An Annotation represents an information associated to a locus and is defined by an AnnotationType (e.g. a token, a lemma, a named entity, etc.). Since the hierarchical structure of the source may evolve over time, the changes to the relative tree must be managed. For example, a tree structure having tokens as leaves could need to be updated with a finer-grained layer of characters (e.g. to assign annotations to specific letters). In this case, the tokens should become intermediate nodes and the characters would become the leaf nodes. Typically, this kind of editing is unpredictable and it often implies heavy adaptations if the software is not flexible enough to manage changes in the underlying text representation schema. Consequently, we decided to exploit the flexibility of the Object Oriented model by adopting the Role Design Pattern (Fowler, 1997) to switch between leaf and intermediate nodes dynamically. This pattern has been implemented by the AnnotationRole, AnnotationRoleElement and AnnotationRoleStructure classes. Moreover, an annotation is a source in itself (see the inheritance relationship between the Annotation and the Source classes in Fig. 1) and, thus, it can be annotated recursively.
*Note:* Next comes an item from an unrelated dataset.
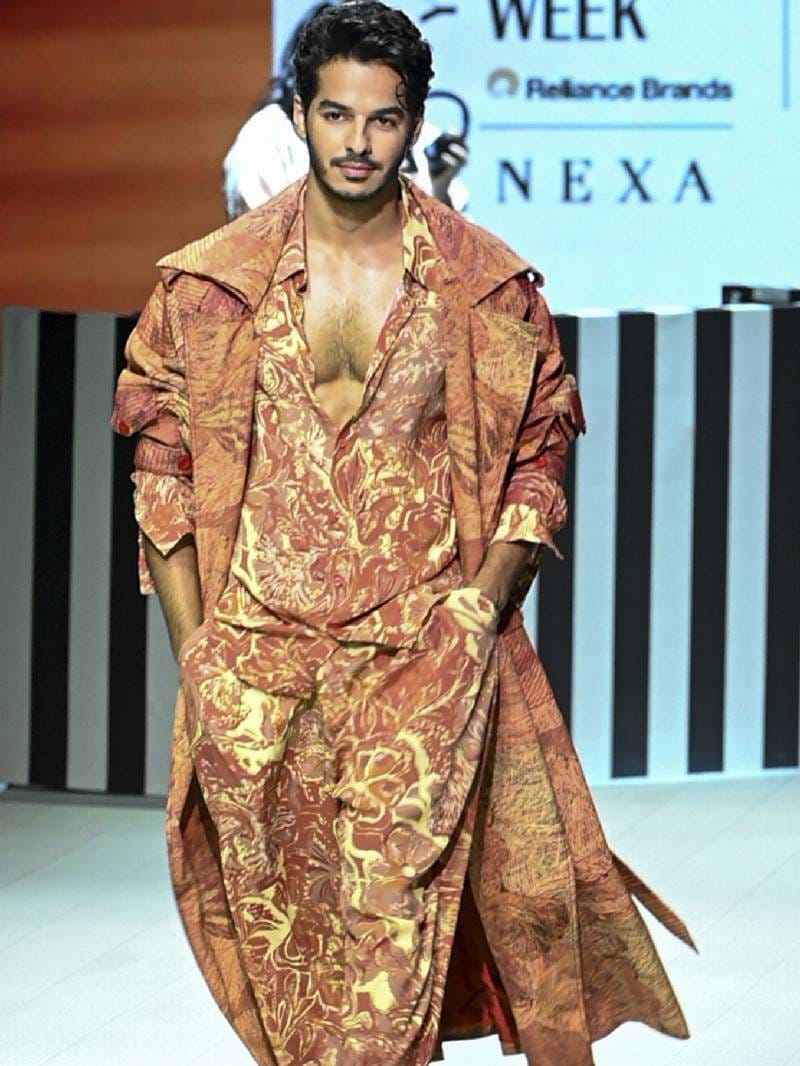 ईशान ने भी अपने डिजाइनर के स्टाइलिश कपड़े पहन फैशन वीक के रैंप पर वॉक किया

We here introduce an example showing a representation of a snippet of text with annotations. The chosen text is an excerpt of a letter, written in Latin, belonging to the epistolary corpus of the Clavius on the Web project 2 (Abrate et al., 2014b). Fig. 2 shows a typical way of encoding sentences and lines with a markup language as TEI (Burnard, 2014): the resulting XML hierarchical structure has been broken by the addition of the line anchors (<lb />) mixing up the textual and documental structure of the text. Indeed, to preserve the integrity of the word “Dinostrati” (spanning across lines 4 and 5), it is necessary to encapsulate it with the element <w />.
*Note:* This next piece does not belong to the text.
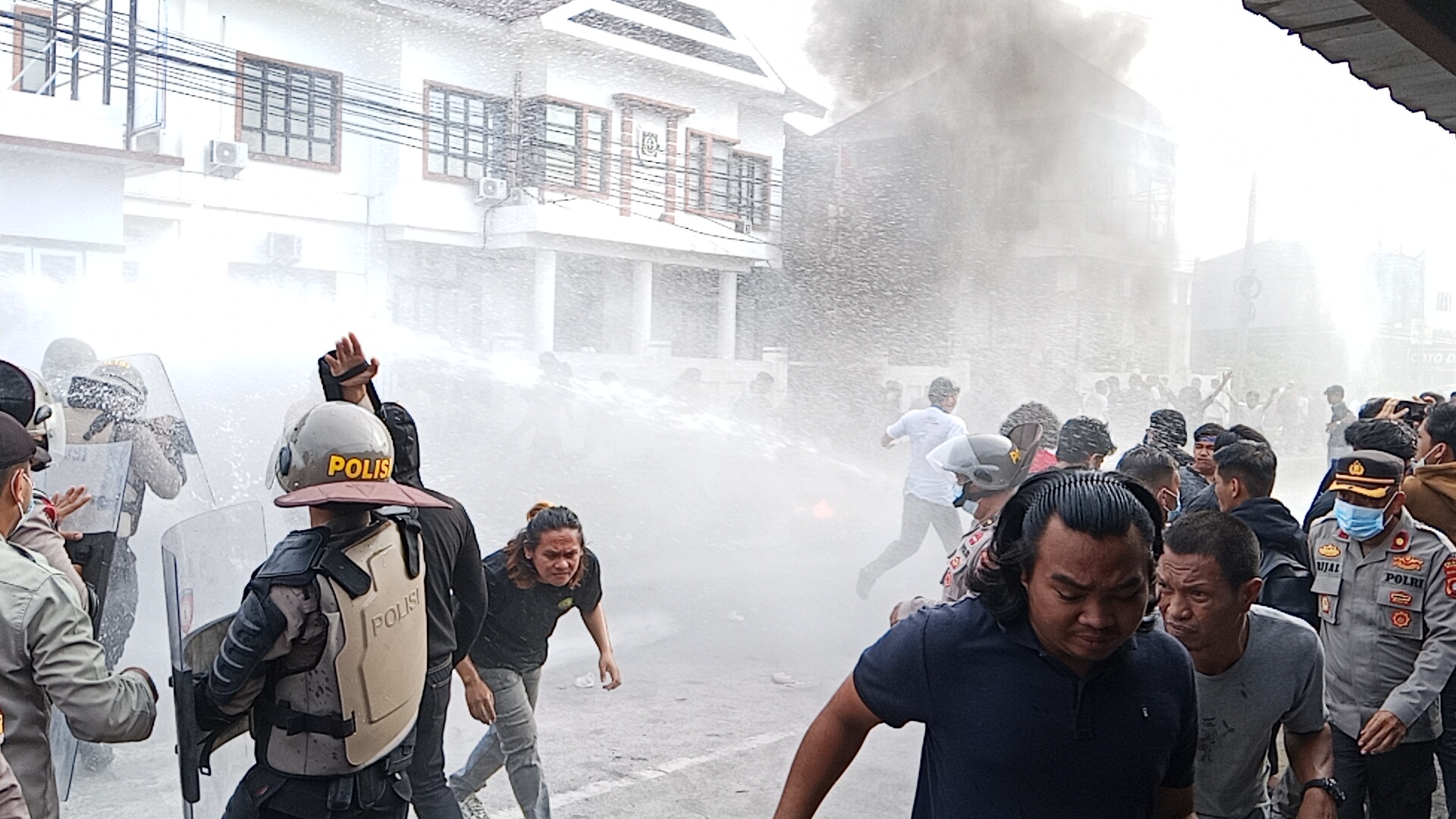 Situasi semakin memanas ketika aparat keamanan melakukan penyemprotan water canon ke arah massa aksi. Upaya pembubaran kemudian dilanjutkan dengan tembakan gas air mata. Tidak terima dengan tindakan tersebut, massa aksi membalas dengan lemparan batu ke arah aparat kepolisian.

The model we propose solves this problem with the stand-off annotations: as shown in Fig. 3 the document (made of lines) and the textual structure (made of sentences and words) are logically separated. Lines, sentences and words do not overlap and they are structured in separate hierarchies.
We plan, in future works, to release a first version of a web environment, called Omega, built around the core entities that we here described. The environment will allow to load, index, annotate, and query a textual collection. Furthermore, we’ll carry on the development of modules for text analysis and textual scholarship with the related APIs.